Certain of these risks may also apply to the RadioShack transaction. For any or all of these reasons, our pursuit of
an acquisition, investment, or merger may cause our actual results to differ materially from those anticipated.
Controlled Company Risks
As long as SoftBank controls us, other holders of our common stock will have limited ability to influence matters
requiring stockholder approval and SoftBank’s interest may conflict with ours and other stockholders.

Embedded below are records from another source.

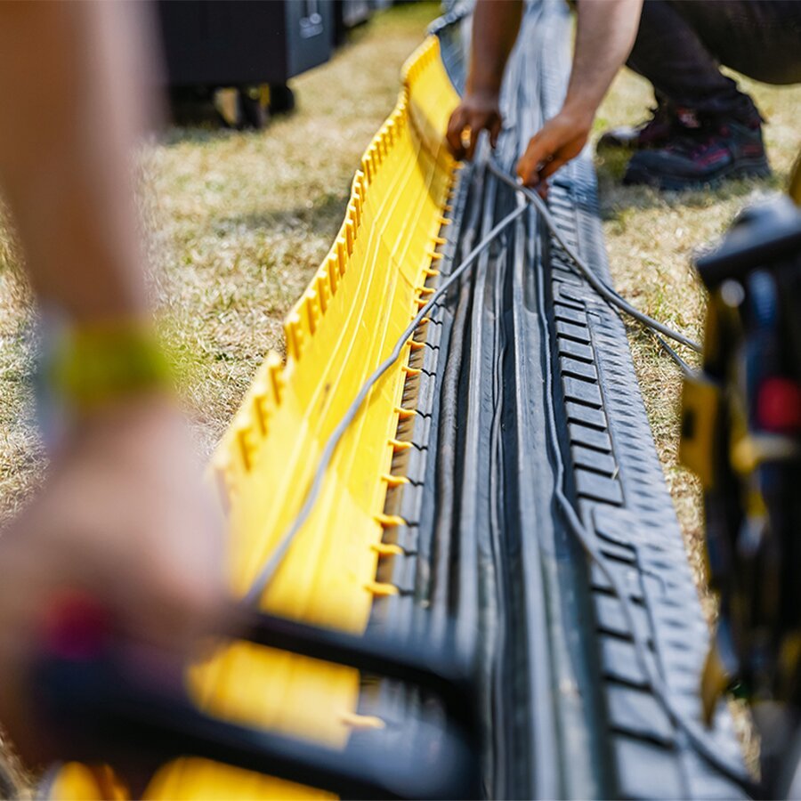Kabelový most DEFENDER NANO disponuje víkem a šesti kanály pro ochranu kabelů, hadic či trubek na chodnících, ve výrobních provozech, na výstavách, kulturních akcích, v kancelářích apod.
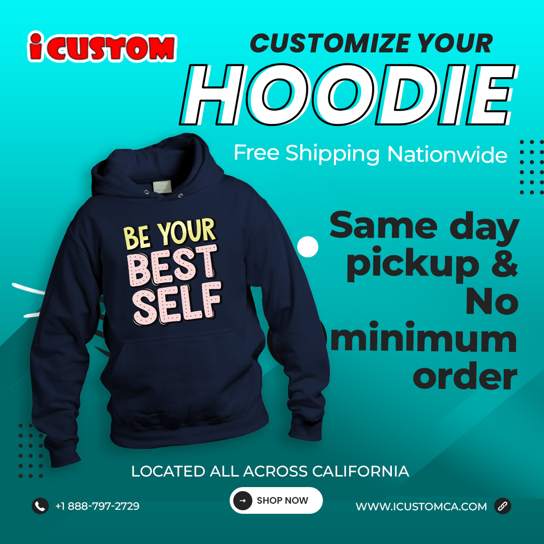 Show your support everywhere with an iCustom personalized hoodie! Pick your style, pick your size, and upload your custom design—it's that easy. Visit Us: www.icustomca.com Call Now: 888-797-2729
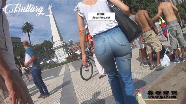 街头跟拍蓝色紧绷牛仔裤性感圆润翘臀长腿OL少妇[MP4/348M]
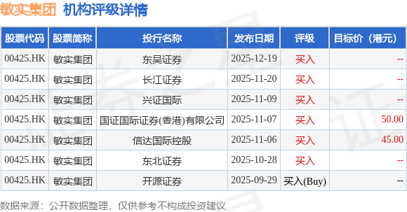 截至2025年12月22日收盘,敏实集团(00425.HK)报收于31.82港元,上涨0.25%,成交量421.51万股,成交额1.35亿港元。投行对该股的评级以买入为主,近90天内共有6家投行给出买入评级,近90天的目标均价为47.5港元。东吴证券最新一份研报给予敏实集团买入评级。

SoftBank beneficially owns approximately 80% of the outstanding common stock of Sprint. As a result, until such
time as SoftBank and its controlled affiliates hold shares representing less than a majority of the votes entitled to be cast by
the holders of our outstanding common stock at a stockholder meeting, SoftBank generally will have the ability to control the
outcome of any matter submitted for the vote of our stockholders, except in certain circumstances set forth in our certificate
of incorporation or bylaws.
In addition, pursuant to our bylaws, we are subject to certain requirements and limitations regarding the
composition of our board of directors. Many of those requirements and limitations expire on or prior to July 10, 2016.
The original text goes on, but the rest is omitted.